[[ RECORDED DATA open ]]

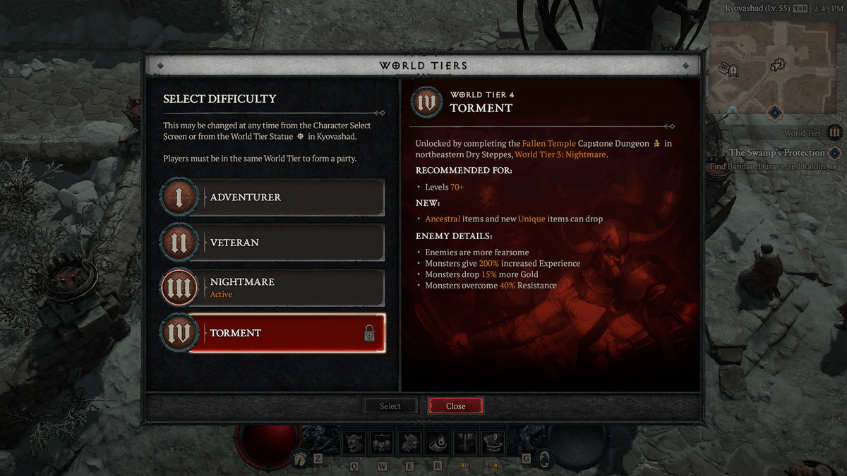 레벨 50에 도달하면 악몽 난이도인 월드 티어 3에 가입할 수 있습니다. 일반적으로 이 난이도에 도달하면 전설 획득률이 높아집니다. 악몽 난이도는 Helltide 이벤트 에 참여할 수 있는 능력도 부여합니다 . 궁극적인 목표가 Legendaries를 찾는 것이라면 여기에서 World Tier를 전환하고 싶을 것입니다.
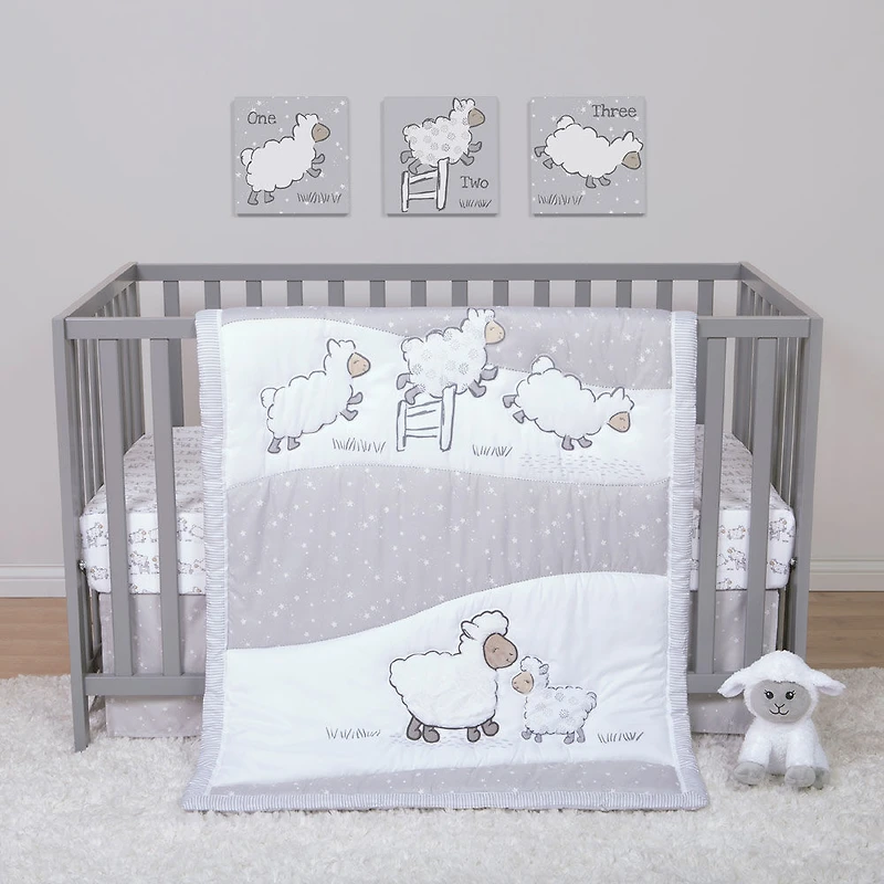 Endormez votre petit en comptant avec l'ensemble 4 pièces de literie pour berceau Mouton somnolent de Sammy and Lou Un éventail de moutons rêveurs sautant une clôture entourée d'un imprimé d'étoile scintillante sur un arrière-plan à bande, couleurs classiques de blanc, gris et de taupe.
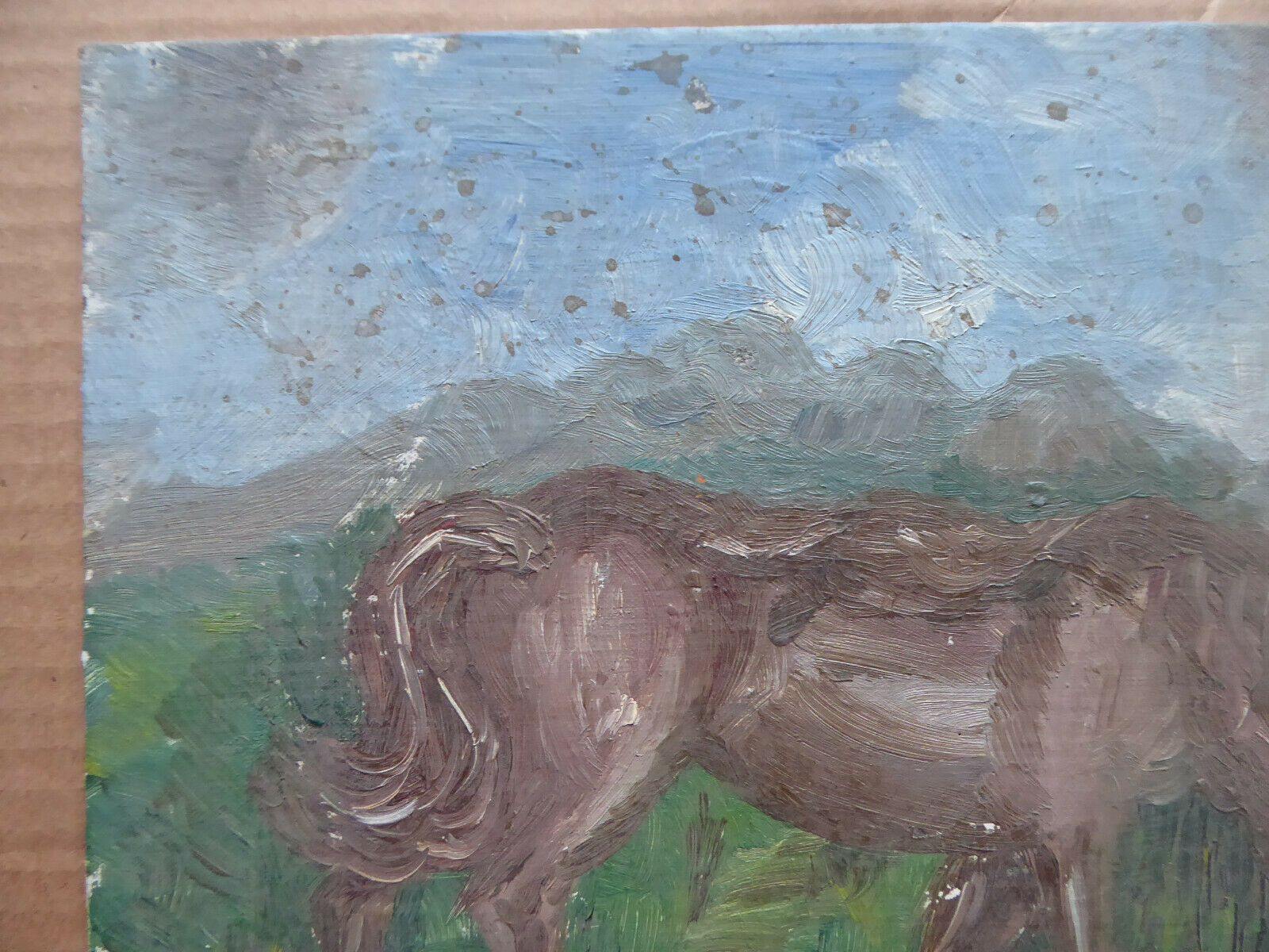 24x19cm QUADRO ANTICO PICCOLA MISURA CON CAVALLO SPAGNA PRIMA METÀ DEL 900 MD10
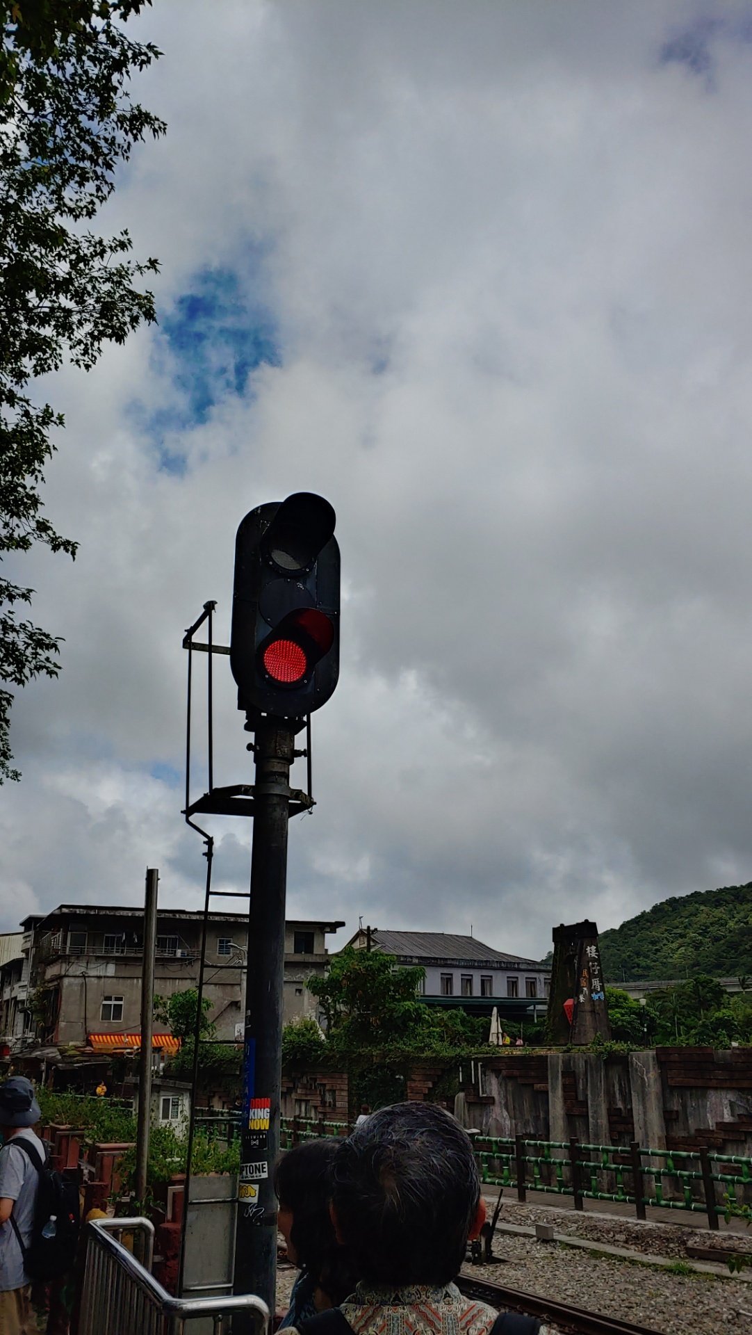 스펀의 특이한 점이라 하면 핑시선이 지나가는 철길에 자유롭게 오갈 수 있다는 것이다. 철길이 위험하기 때문에 핑시선이 올 때마다 경찰관이 호루라기를 불어 사람들이 대피하도록 했다. 나는 핑시선이 빠져나간 후 철길에 서서 풍등이 날아가는 하늘을 찍었다. 구름이 많이 낀 날씨라 잘 보이지 않아 아쉬웠다.

[[ RECORDED DATA closed ]]

YOUR TASK:
Stop at the line containing "Endormez votre petit" and include it. Everything from the first line of the material up to there is to be repeated exactly, leaving out pictures.

SOLUTION TO THIS TASK:
 레벨 50에 도달하면 악몽 난이도인 월드 티어 3에 가입할 수 있습니다. 일반적으로 이 난이도에 도달하면 전설 획득률이 높아집니다. 악몽 난이도는 Helltide 이벤트 에 참여할 수 있는 능력도 부여합니다 . 궁극적인 목표가 Legendaries를 찾는 것이라면 여기에서 World Tier를 전환하고 싶을 것입니다.
 Endormez votre petit en comptant avec l'ensemble 4 pièces de literie pour berceau Mouton somnolent de Sammy and Lou Un éventail de moutons rêveurs sautant une clôture entourée d'un imprimé d'étoile scintillante sur un arrière-plan à bande, couleurs classiques de blanc, gris et de taupe.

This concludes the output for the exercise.